┌─ Data excerpts

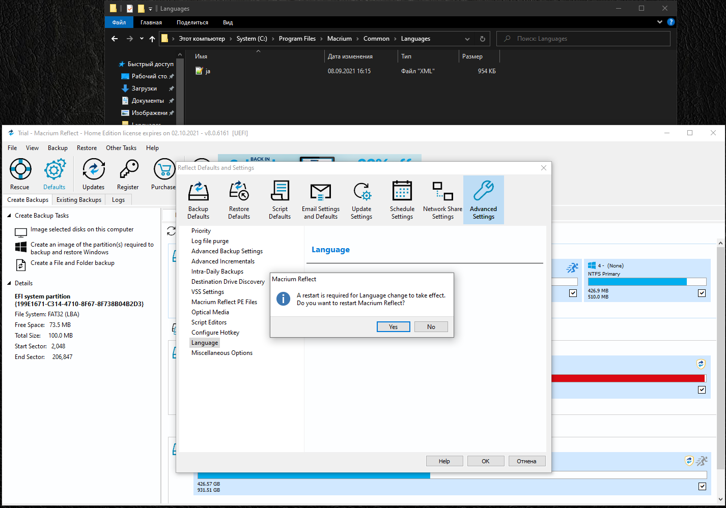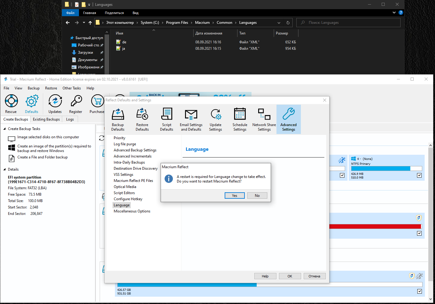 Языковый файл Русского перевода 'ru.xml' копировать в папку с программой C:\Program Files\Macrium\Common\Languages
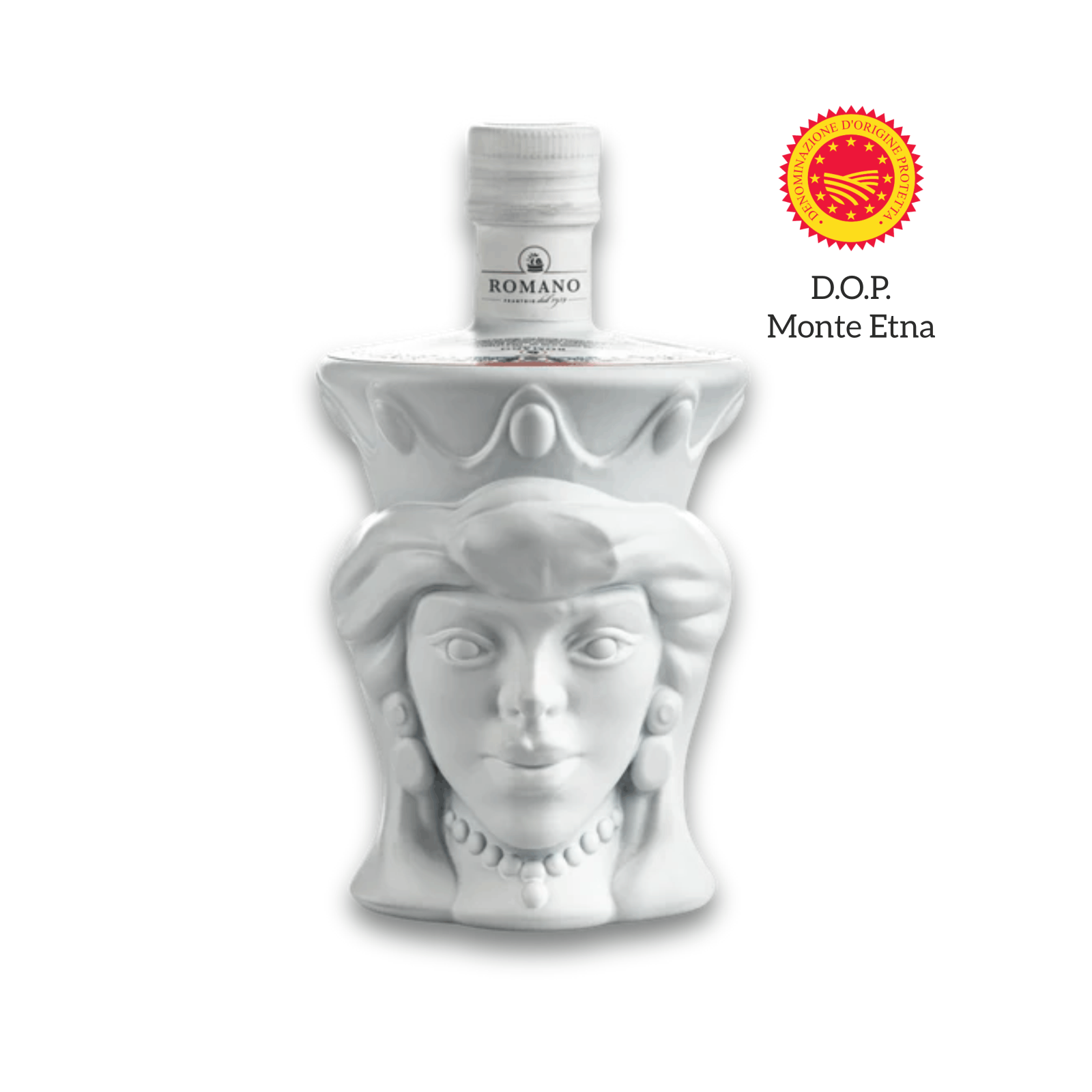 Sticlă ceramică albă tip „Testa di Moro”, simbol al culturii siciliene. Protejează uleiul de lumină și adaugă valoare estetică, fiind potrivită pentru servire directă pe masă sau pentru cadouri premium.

└─
┌─ Data excerpts

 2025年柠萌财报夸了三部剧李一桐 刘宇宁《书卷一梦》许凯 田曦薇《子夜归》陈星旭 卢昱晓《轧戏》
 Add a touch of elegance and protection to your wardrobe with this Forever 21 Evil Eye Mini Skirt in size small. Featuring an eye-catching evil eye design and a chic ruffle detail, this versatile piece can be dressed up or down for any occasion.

└─
┌─ Data excerpts

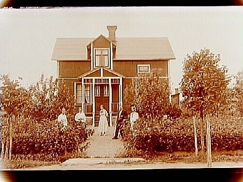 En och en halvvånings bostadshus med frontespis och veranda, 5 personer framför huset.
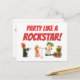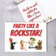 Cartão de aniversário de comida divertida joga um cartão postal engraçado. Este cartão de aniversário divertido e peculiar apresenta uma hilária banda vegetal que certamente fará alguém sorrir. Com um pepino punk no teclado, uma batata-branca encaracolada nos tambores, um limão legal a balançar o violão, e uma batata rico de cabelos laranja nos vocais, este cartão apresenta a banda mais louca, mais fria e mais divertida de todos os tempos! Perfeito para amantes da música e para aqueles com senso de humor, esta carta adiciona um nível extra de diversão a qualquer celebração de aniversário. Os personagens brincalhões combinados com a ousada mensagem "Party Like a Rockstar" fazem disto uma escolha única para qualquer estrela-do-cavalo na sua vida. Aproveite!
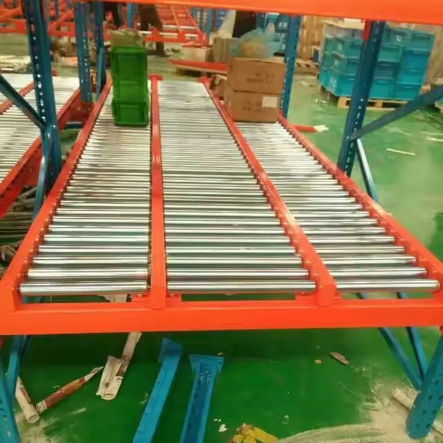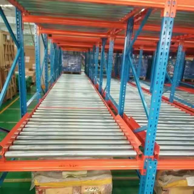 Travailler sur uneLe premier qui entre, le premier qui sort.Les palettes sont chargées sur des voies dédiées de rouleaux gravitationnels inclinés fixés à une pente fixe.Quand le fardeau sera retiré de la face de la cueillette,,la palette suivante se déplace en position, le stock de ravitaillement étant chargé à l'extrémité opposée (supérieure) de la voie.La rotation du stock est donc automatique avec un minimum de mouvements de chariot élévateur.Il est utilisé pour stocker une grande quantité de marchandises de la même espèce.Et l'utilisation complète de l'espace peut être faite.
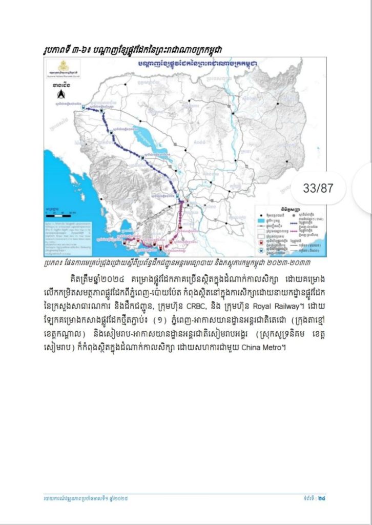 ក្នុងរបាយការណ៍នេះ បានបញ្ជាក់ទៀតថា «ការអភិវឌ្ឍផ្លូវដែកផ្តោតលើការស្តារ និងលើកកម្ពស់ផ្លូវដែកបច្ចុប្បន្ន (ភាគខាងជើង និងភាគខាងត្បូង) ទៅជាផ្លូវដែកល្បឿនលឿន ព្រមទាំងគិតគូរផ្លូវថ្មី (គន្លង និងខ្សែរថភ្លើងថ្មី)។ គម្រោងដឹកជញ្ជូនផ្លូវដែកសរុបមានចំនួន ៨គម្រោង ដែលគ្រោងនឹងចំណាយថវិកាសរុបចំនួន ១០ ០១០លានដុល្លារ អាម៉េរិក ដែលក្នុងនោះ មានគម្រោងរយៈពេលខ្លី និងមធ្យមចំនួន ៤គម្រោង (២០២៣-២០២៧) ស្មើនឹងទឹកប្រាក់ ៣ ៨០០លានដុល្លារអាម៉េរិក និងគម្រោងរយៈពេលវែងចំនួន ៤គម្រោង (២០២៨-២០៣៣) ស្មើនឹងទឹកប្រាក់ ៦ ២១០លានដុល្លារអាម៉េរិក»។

└─

**Goal of the exercise:** The required output is every line above from the one with "2025年柠萌财报夸了三部剧李一桐 刘宇宁《书卷一梦》许凯 田曦薇《子夜归》陈星旭" down to the one with "Add a touch", restated word for word, ends included.

**Answer for this exercise:**
 2025年柠萌财报夸了三部剧李一桐 刘宇宁《书卷一梦》许凯 田曦薇《子夜归》陈星旭 卢昱晓《轧戏》
 Add a touch of elegance and protection to your wardrobe with this Forever 21 Evil Eye Mini Skirt in size small. Featuring an eye-catching evil eye design and a chic ruffle detail, this versatile piece can be dressed up or down for any occasion.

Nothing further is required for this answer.